Rod dashed down the stairs, leaping heaps of rubble or skidding through them on his boot heels, like an out-of-control skier about to crash, where they formed drifts too large and deep to jump over or dodge. One of the greatfangs was definitely heading for him, veering from what it had been doing to open a fanged mouth that wasn't the huge cavern of its two bigger brethren, but still the size of a grand pair of double doors.

And definitely large enough to bite him in two in one swift lunge.

Rod had time enough to get a very good look at that mouth, and its fringe of sharp fangs—the largest were as long as his arms— before he had to duck and wriggle and bruisingly slam his way through a tangle of fallen beams. Whereupon, as he struggled free of them, gasping, the greatfangs looming up like a huge dark curtain overhead, the narrow gap was right in front of him.

He launched himself into it head-first, quickly raising his hands to shield his face and throat.

One wrist banged numbingly on the edge of the gap as he went through it, but he had time, in the long plunge that followed, to get both hands up.

He fell a long way in the darkness. His landing—

—Was a crash through an unseen awning or canopy, which held him for the merest of moments before tearing with an angry sound and choking and blinding him with swirling dust. Then he slammed into what felt like a mattress—cloth and straw and ropes that groaned and held for agonizing moments ere they snapped with strange singing sighs—and slammed with it into something beyond, something hard, flat and unyielding.

The floor, Rod concluded brilliantly, in the last moment before the worst of the choking took him, and he writhed and spasmed helplessly in the dust, lungs and throat afire and precious air nowhere to be found. He rolled desperately, blind and in agony and just wanting to get away from the dust.

Once, long ago, on a school trip, Rod had spent a few memorable minutes wallowing in a great box of foam mattress stuffing, giggling but helpless, and the dust roiling around him now felt about like that. He rolled and rolled, clawing at the floor to try to move faster, shuddering at the agony in his lungs, panting but unable to sob...

Until it all ended, and he could breathe.

And cough. And cough some more, curling up in a helpless ball to hack, and retch, and then spew his guts out.

Or so it felt, as he rolled weakly on into the darkness, just trying to get farther from the dust—and the faint light of the sky he could now see, through swimming eyes, somewhere above and behind him.

Timbers groaned, a little way off in one direction, rising to a shriek and breaking off into dull, floor-shaking crashes. The greatfangs demolition crew were still at work.

Another crash, this one closer. Tomb indeed, brought right down on his head, if he didn't move.

Still coughing, Rod forced his eyes open and tried to sit up. The crashing he was hearing was coming from right there—and there, in this now-dimly-seen room, was a place where the wall was bulging outward as he watched.

To break, jaggedly, showering the room with fieldstones, mortar dust, and splintered wood that a moment ago had been paneling; a tumbling cloud of wreckage that fell away from a row of dark, curving knives that Rod recognized all too well as greatfangs talons.

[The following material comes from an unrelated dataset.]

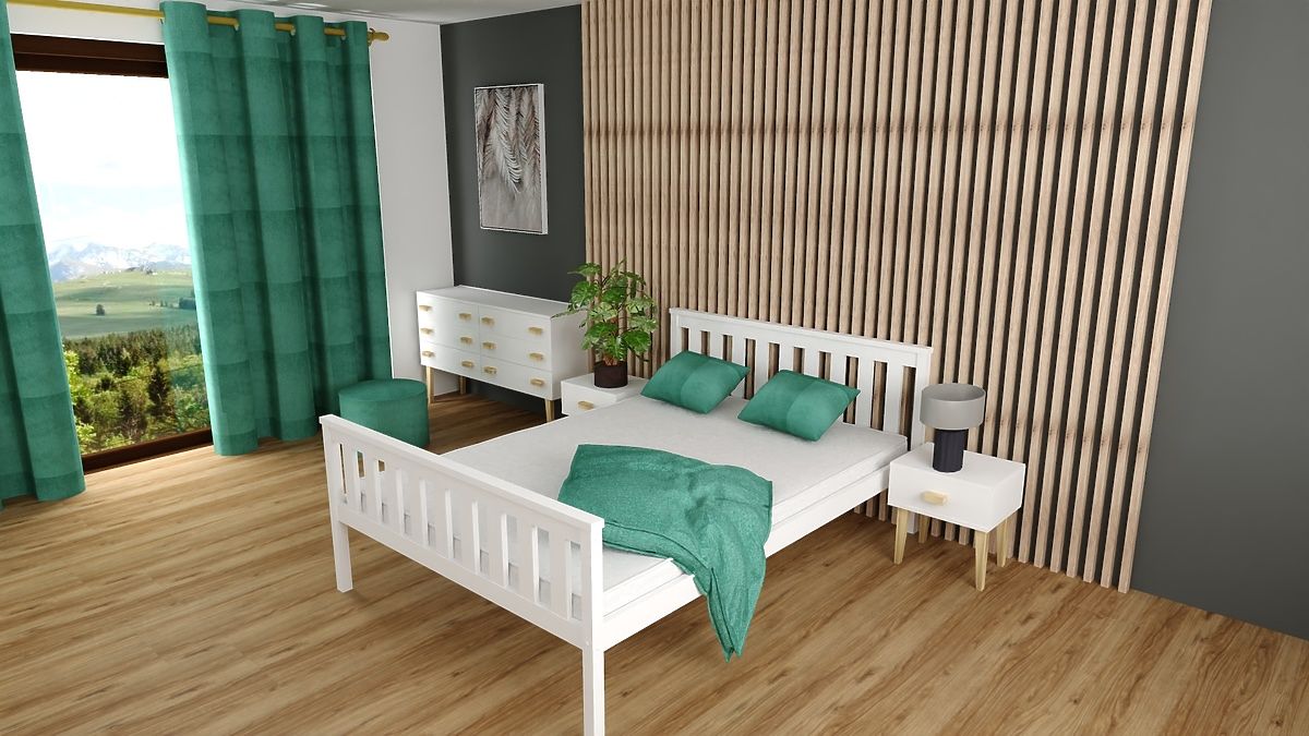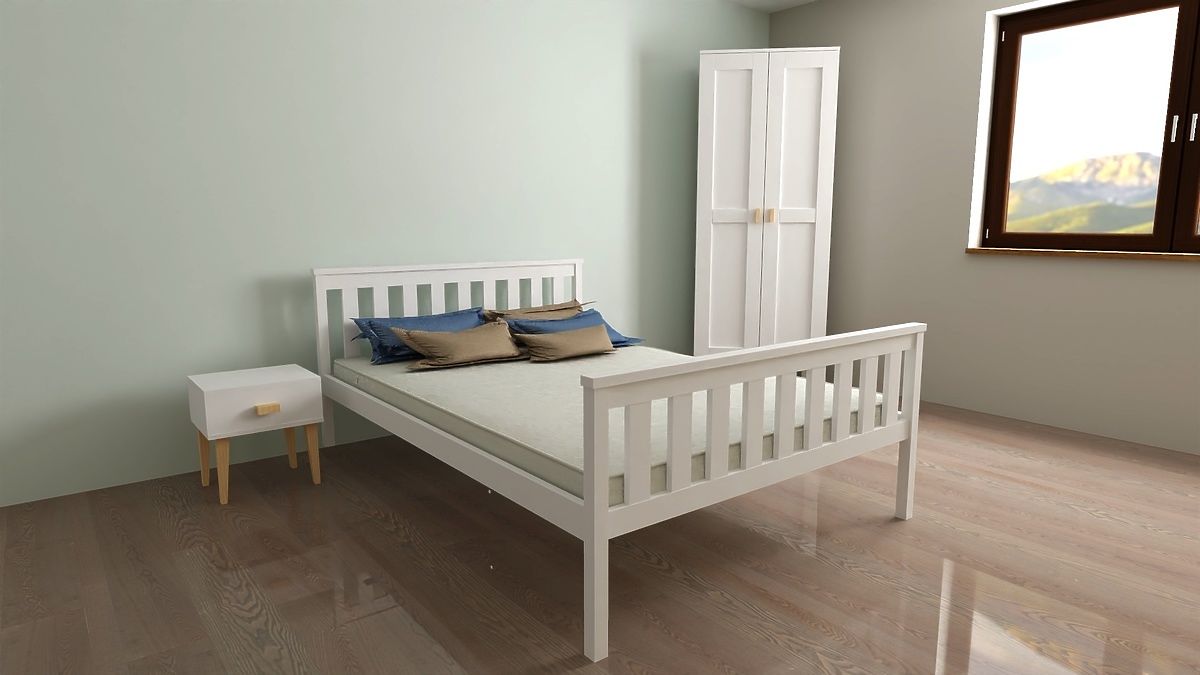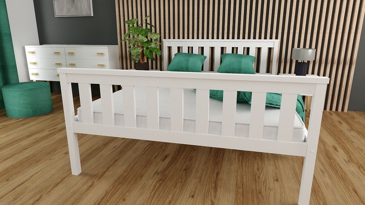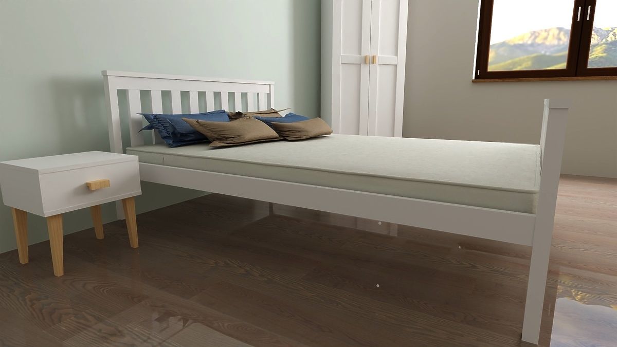 Pat de lemn Aga 200 x 90 cm, alb, elegant și durabil. .. mai mult

Talons now sweeping across the room at him, even as a scaly and sinuous neck looped in the air above, to bring one cruel eye to peer in at him.

Sighing out a curse, Rod Everlar stared back at it and made a rude gesture before hurling himself into a frantic roll again.

He was heading for the unseen, unknown far end of the room— but he was really just striving to get away.

It was all happening so fast.

The talons swerved toward him, the body of the greatfangs blotted out all light, and Rod tried to console himself with the thought that the beast was flying overhead; it would be past and gone in another moment.

The trick would be living through that moment.